Cheleng (gouden veer bezet met diamanten), geschonken door de Turkse sultan F. F. Oesjakov.

De overwinning op Corfu voltooide de bevrijding van de Ionische eilanden van de Franse overheersing en maakte grote indruk op Europa. De Ionische eilanden werden de steunpilaar van Rusland in de Middellandse Zee. Het Europese leger en de politici hadden niet zo'n beslissende en zegevierende uitkomst verwacht van de strijd tegen het machtige bolwerk van Frankrijk in de Middellandse Zee. Velen geloofden dat het heel moeilijk zou zijn om Vido in te nemen, terwijl Corfu helemaal onmogelijk zou zijn. Het fort had een voldoende garnizoen, ondersteund door een detachement schepen, eersteklas versterkingen, krachtige artilleriewapens, grote voorraden munitie en proviand, maar kon de aanval van Russische matrozen niet weerstaan. "Alle vrienden en vijanden hebben respect en respect voor ons", merkte admiraal Ushakov op.

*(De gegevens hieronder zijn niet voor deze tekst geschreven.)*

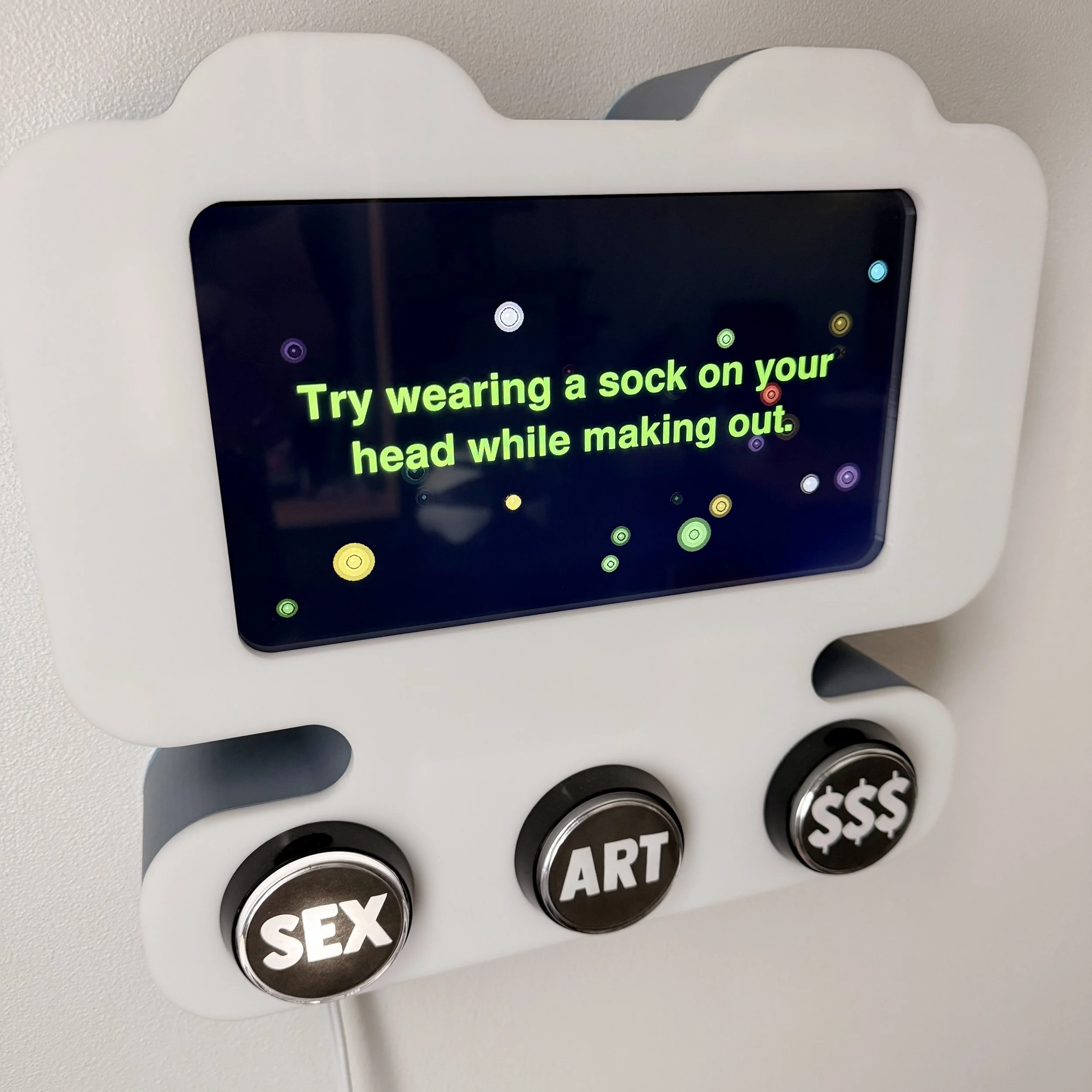 Limitless Bad Advice confronts our contemporary faith in artificial intelligence by leaning into the dubious nature of its advisory capacity. Rather than offering solutions, this piece provides deliberately flawed counsel on three aspects of human existence: desire, creative expression, and finance. The device feeds a compulsive need for guidance while acknowledging the challenge of authentic advice from systems incapable of genuine understanding.

De briljante vaardigheid van Russische matrozen werd ook erkend door de vijanden van Rusland - de Franse militaire leiders. Ze zeiden dat ze nog nooit zoiets hadden gezien of gehoord, zich niet voorstelden dat het alleen mogelijk was om met schepen de verschrikkelijke batterijen van Corfu en het eiland Vido te veroveren. Zo'n moed is bijna nooit gezien.

De verovering van Corfu toonde duidelijk de creatieve aard van de vaardigheid van admiraal Ushakov. De Russische admiraal toonde de gebrekkige mening dat een aanval op een sterke vesting vanuit zee onmogelijk was. Scheepsartillerie werd het belangrijkste middel dat zorgde voor de onderdrukking van vijandelijke kuststrijdkrachten. Daarnaast was er veel aandacht voor het Korps Mariniers, de organisatie van amfibische operaties om bruggenhoofden te veroveren en de bouw van kustbatterijen. De zegevierende aanval op Vido en Corfu vernietigde de theoretische constructies van West-Europese militaire specialisten. Russische matrozen hebben bewezen dat ze de moeilijkste gevechtsmissies kunnen uitvoeren. De aanval op het beschouwde onneembare zeefort is ingeschreven in de geschiedenis van de Russische school voor zeekunst.

Afbeelding
Afbeelding
Afbeelding
Afbeelding

Medaille geslagen ter ere van F. F. Oesjakov in Griekenland. Centraal Scheepvaartmuseum.